Philae lander may not have disintegrated as comet passed Sun
In recent months, the increasing solar energy has been warming the comet’s frozen ices – turning them to gas – which pours out into space, dragging dust along with it. The period around perihelion is scientifically very important, as the intensity of the sunlight increases and parts of the comet previously cast in years of darkness are flooded with sunlight.
“There’s no way we can say the lander is dead”, he said.
European probe Rosetta spacecraft has recently captured a brilliant plume of gas and dust erupted from the comet Comet 67P/Churyumov-Gerasimenko.
Philae lander and Rosetta satellite are on the brink of following Comet 67P/C-G through perihelion. “On its unique website it will have been too scorching by March or April”.
However, because it bounced and tumbled to a halt on a shadier stretch of the alien surface, it might have been able to witness the dramatic show on the comet as it warmed.

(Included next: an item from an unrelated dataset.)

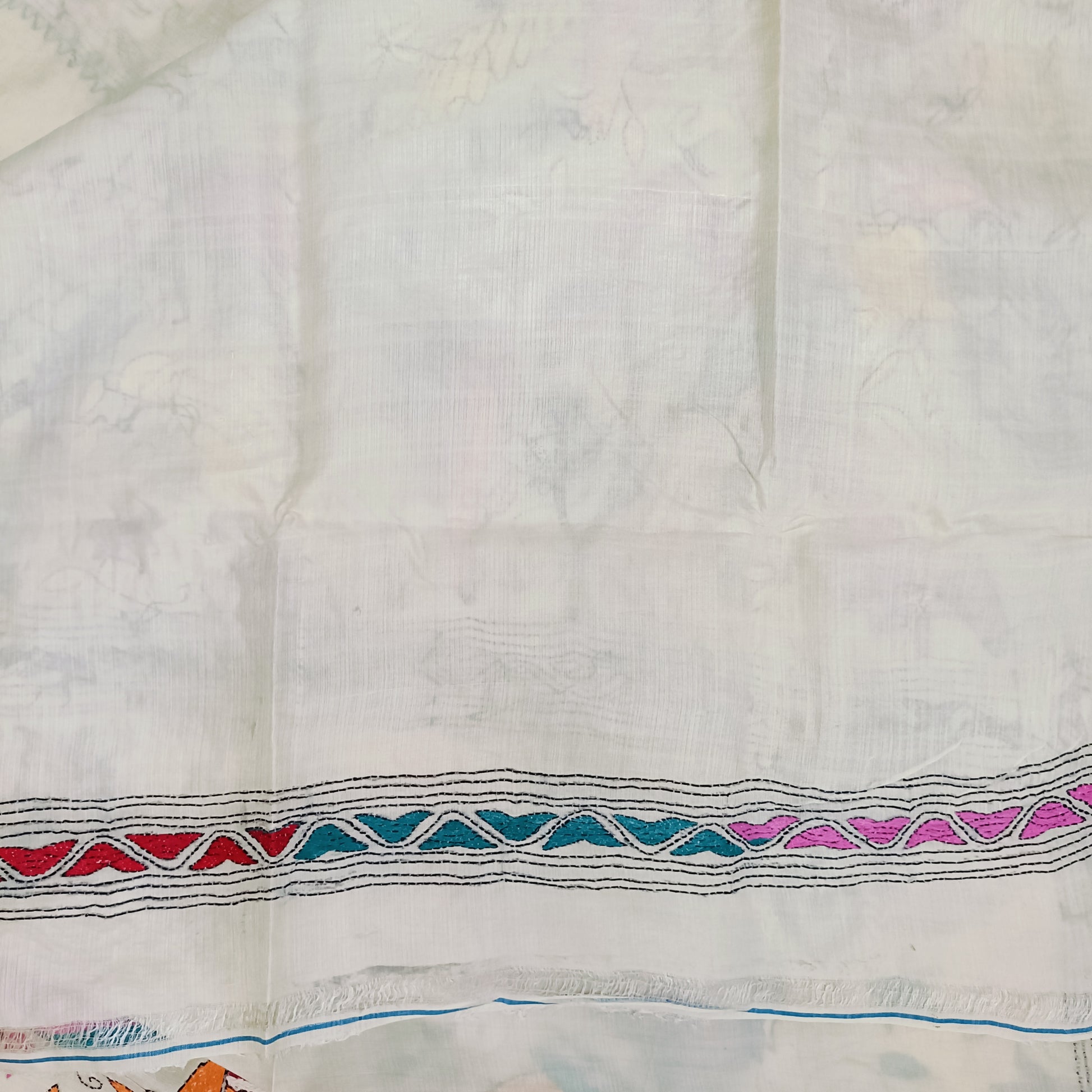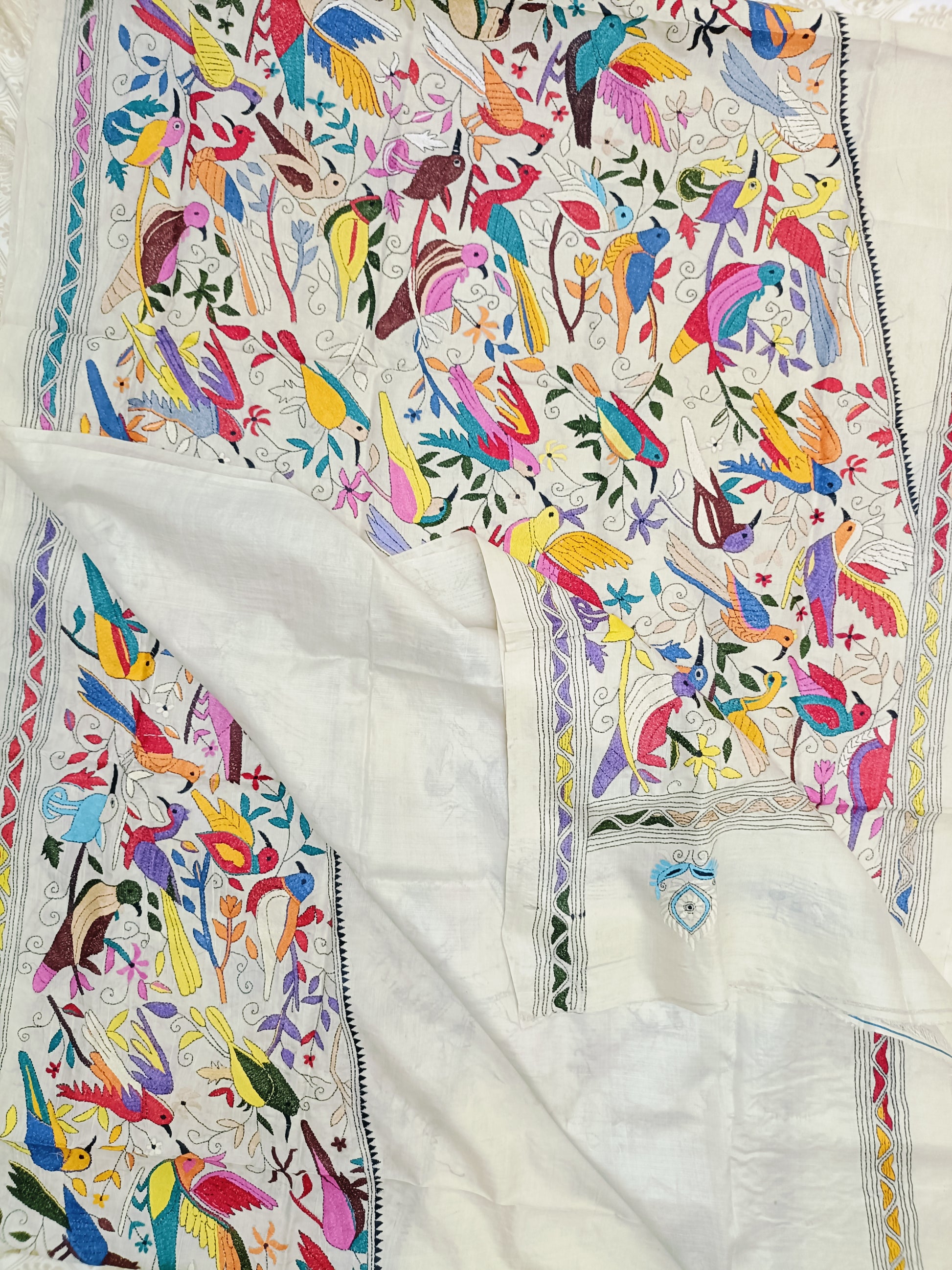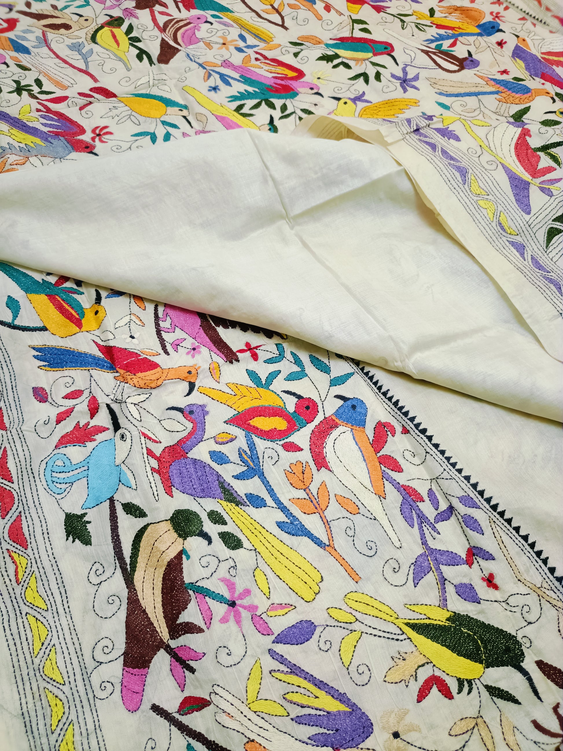 She stepped into the morning light, her saree glowing in the soft hue of Ivory Dawn. From the pleats upward, a flock of vibrant birds seemed to take flight—stitched in a chorus of colors, each wing beating in perfect rhythm. The embroidery grew denser with every fold, until the pallu bloomed into a sky alive with birds, Kantha threads turning silk into a living sanctuary.

The comet, which is made of ice, minerals and organic particles, has gone into a burst of activity prompted the approaching Sun’s heat.
German Aerospace Centre (DLR) spokeswoman Manuela Braun said while the project experienced disadvantages, there were unexpected advantages.
The European Space Agency (ESA) described the event snapped by its spacecraft’s cameras as “one dramatic outburst event proving so powerful that it even pushed away the incoming solar wind”. The jet, the brightest seen to date, was first recorded in an image taken at 6:24 a.m. PDT (9:24 a.m. EDT, 13:24 GMT) on July 29, but not in an image taken 18 minutes earlier.
However, it is uncertain if Philae will transmit any more information from its perch on the comet.
Philae’s inadvertently protected location raises the tantalising prospect of again waking the lander, if mission scientists can work out a way to contact it (Philae last communicated during July, so scientists have had to cross their fingers and hope it’s received a handful of commands they sent).
“We have the advantage that it (Philae) is really now travelling alive on the comet”. As it prepared for its closest approch to the sun, it could display more such outbursts, astronomers say.
Further complicating communication is the fact that Rosetta has had to move farther away to avoid the confounding effects of the dust storm on its star-tracking navigation system. This distance will be approximately 186 million km from the Earth, which puts it in between the orbits of Earth and Mars.